If $a_k$ is a sequence that converges to $1/2$, prove that $b_k = 1/(1-a_k)$ is Cauchy

Question

The question asks to prove directly from the definition of a Cauchy sequence that $b_k$ is Cauchy, but I am hopelessly confused, these are evidently series approaching infinity

Answer 1

This may seem as cheating.

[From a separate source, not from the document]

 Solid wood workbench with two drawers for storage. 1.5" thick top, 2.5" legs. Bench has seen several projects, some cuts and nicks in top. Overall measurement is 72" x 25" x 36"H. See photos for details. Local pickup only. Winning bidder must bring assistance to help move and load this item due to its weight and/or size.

But: $f(x)=1/(1-x)$ is continuous everywhere except on $x=1$. Therefore since $a_k$ converges to $1/2$, $$\lim_{k\rightarrow \infty}b_k=\lim_{k\rightarrow\infty}\frac{1}{1-a_k}=\frac{1}{1-\lim_{k\rightarrow\infty}a_k}=\frac{1}{1-1/2}=2.$$ The claim $b_k$ is Cauchy trivially follows from the fact that $b_k$ converges.

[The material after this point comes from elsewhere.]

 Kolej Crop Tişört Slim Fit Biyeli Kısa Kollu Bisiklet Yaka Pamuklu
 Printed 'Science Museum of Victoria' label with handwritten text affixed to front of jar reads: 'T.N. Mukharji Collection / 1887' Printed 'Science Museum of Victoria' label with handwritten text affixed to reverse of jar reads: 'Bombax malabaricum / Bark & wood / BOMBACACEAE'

Yet, I'll call this as a rigorous proof since you can prove the continuity easily.

Answer 2

Hint: To prove directly that $(b_k)$ is Cauchy, compute first $$b_k-b_\ell=\frac1{1-a_k}-\frac 1{1-a_\ell}=\frac{a_k-a_\ell} {(1-a_k)(1-a_\ell)}$$ and note that, since $(a_k)$ converges to $\dfrac12$, if $k,\ell$ are large enough, we have, say $$1-a_k,\enspace1-a_\ell>\frac14.$$ Can you take it from there?

Answer 3

Hint:

Since $a_n\rightarrow\frac12$, there is $N$ such that $|a_n-1|>\frac{1}{3}$ for all $n\geq N. (details left to you)

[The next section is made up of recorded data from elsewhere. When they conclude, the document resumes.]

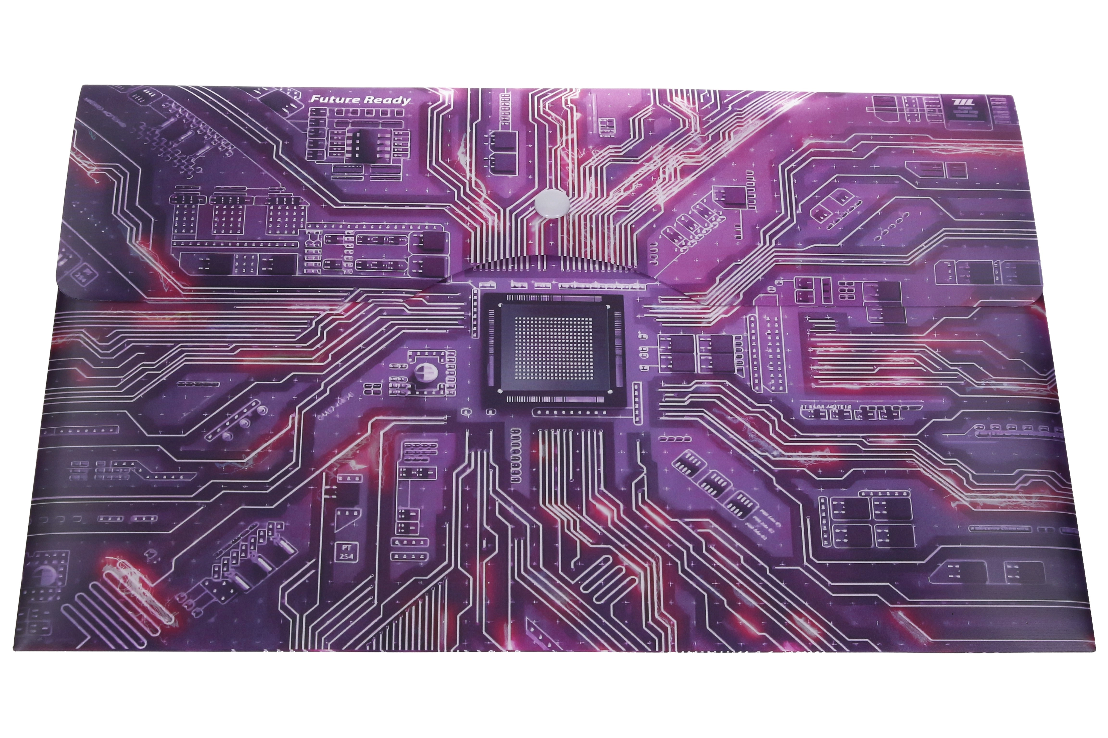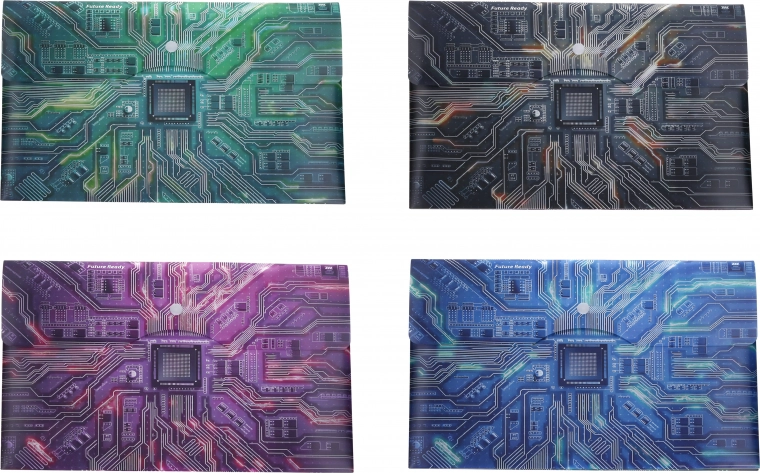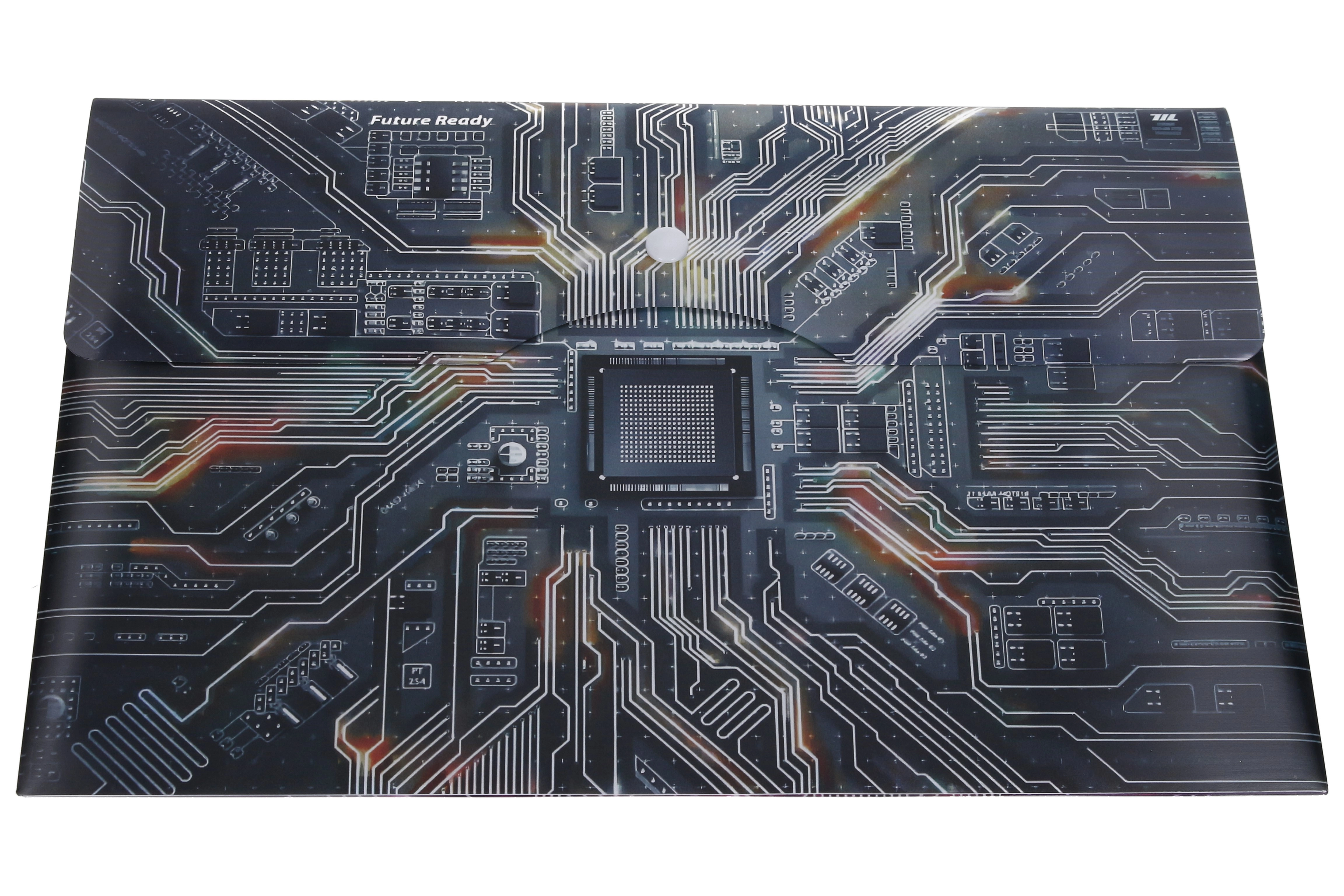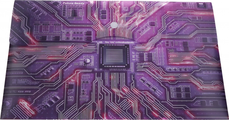 Parfaite pour l’école, les cours et le bureau – elle plaira aux étudiants, passionnés d’informatique et professionnels. Choisissez parmi 4 variantes de couleur avec un graphisme de circuits imprimés marquant, pour donner à vos supports un style technologique original.
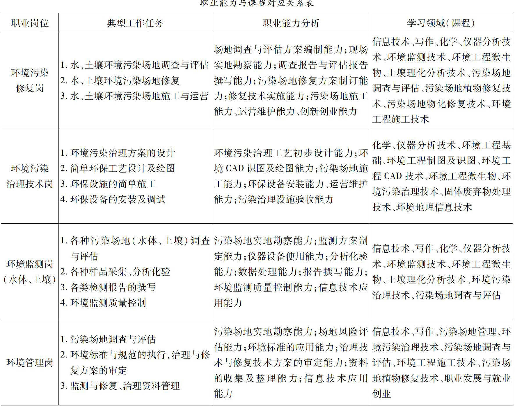 基于职业能力导向的污染修复与生态工程技术专业课程体系构建
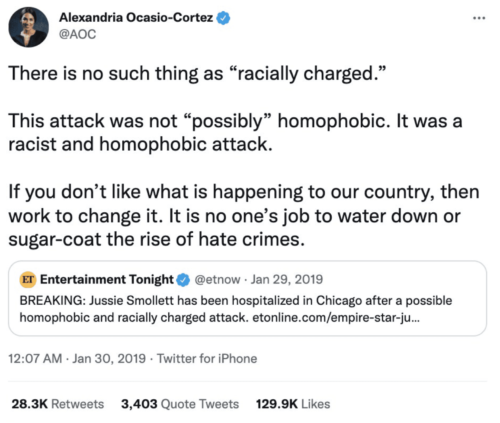 Let’s revisit some of what was said back in 2019 about the Smollett claim that he was brutalized by gay-bashers screaming, “This is MAGA country!”:
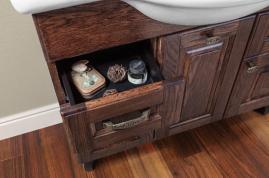 - Тумба под раковину Дубини 95: корпус и фасад изготовлены из массива дуба. Современные механизмы ящиков и петель Blum Legrabox (Австрия) оснащены доводчиками, дно ящиков декорировано бархатом.

$\Big|\frac{1}{1-a_n}-\frac{1}{1-a_m}\Big|=\frac{|a_n-a_m|}{|1-a_n|\,|1-a_m|}\leq 9|a_n-b_m|$

As $a_n$ converges, $\{a_n\}$ is Cauchy and so, given $\varepsilon>0$, there is $N_2\geq N$ such that $|a_n-a_m|<\varepsilon/9$ for all $n,m\geq N$.